- _WHAT IS BEING ASKED_
Images don't belong in the copy. Output the rest of the data exactly.

- _DATA PROVIDED_
-*-

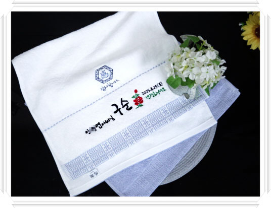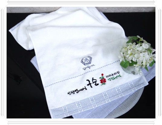 그래서 그 무명실로 만들어진 디럭스 /복/ VIP타올에 어머니 또는 아버지 성함과 날짜를 문구로 새겨서 나눠드리고 오래오래 기념을 하시면
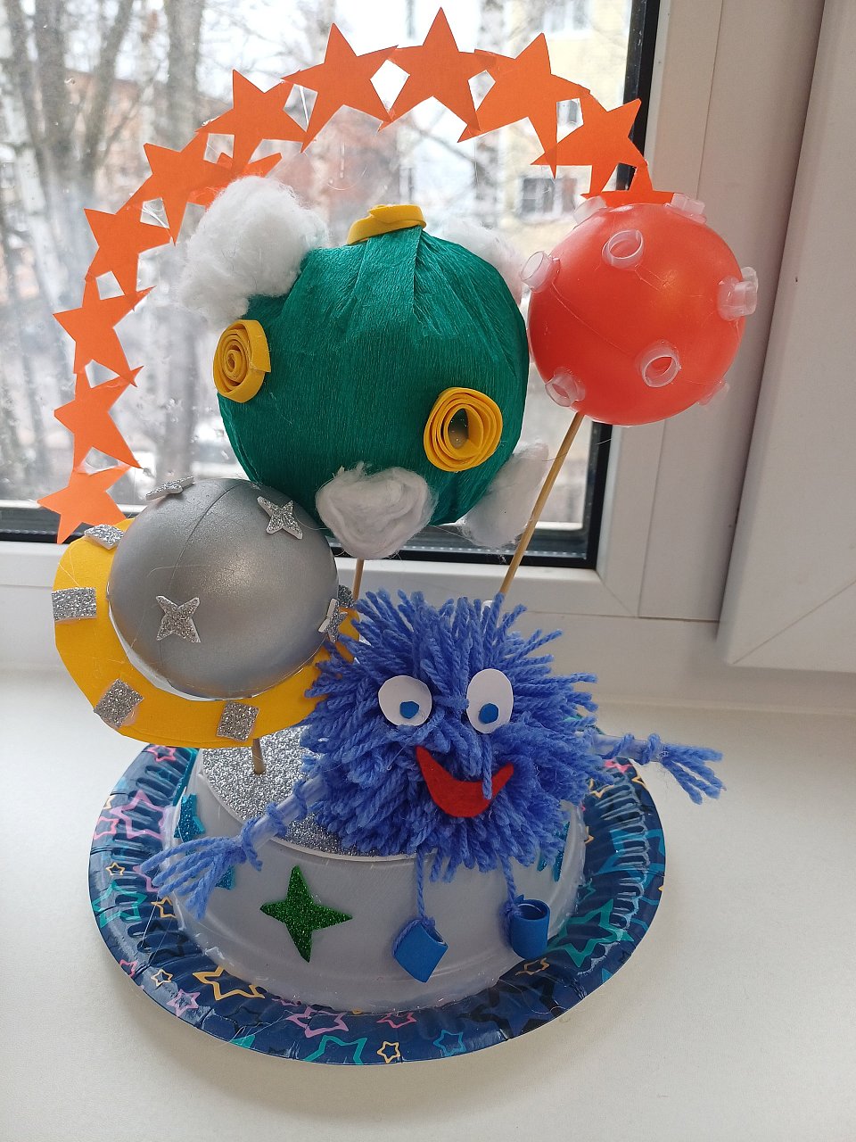 Возраст: 6 лет Поделка изготовлена из различных материалов, начиная от бумаги и заканчивая нитками для вязания или вышивки.
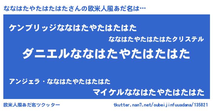 | 男性向けラノベタイトル風あだ名 | 『おまえをオタクにしてやるから、俺をななはたやたはたはたにしてくれ! 』 |

-*-

- _WRITTEN SOLUTION_
 그래서 그 무명실로 만들어진 디럭스 /복/ VIP타올에 어머니 또는 아버지 성함과 날짜를 문구로 새겨서 나눠드리고 오래오래 기념을 하시면
 Возраст: 6 лет Поделка изготовлена из различных материалов, начиная от бумаги и заканчивая нитками для вязания или вышивки.
 | 男性向けラノベタイトル風あだ名 | 『おまえをオタクにしてやるから、俺をななはたやたはたはたにしてくれ! 』 |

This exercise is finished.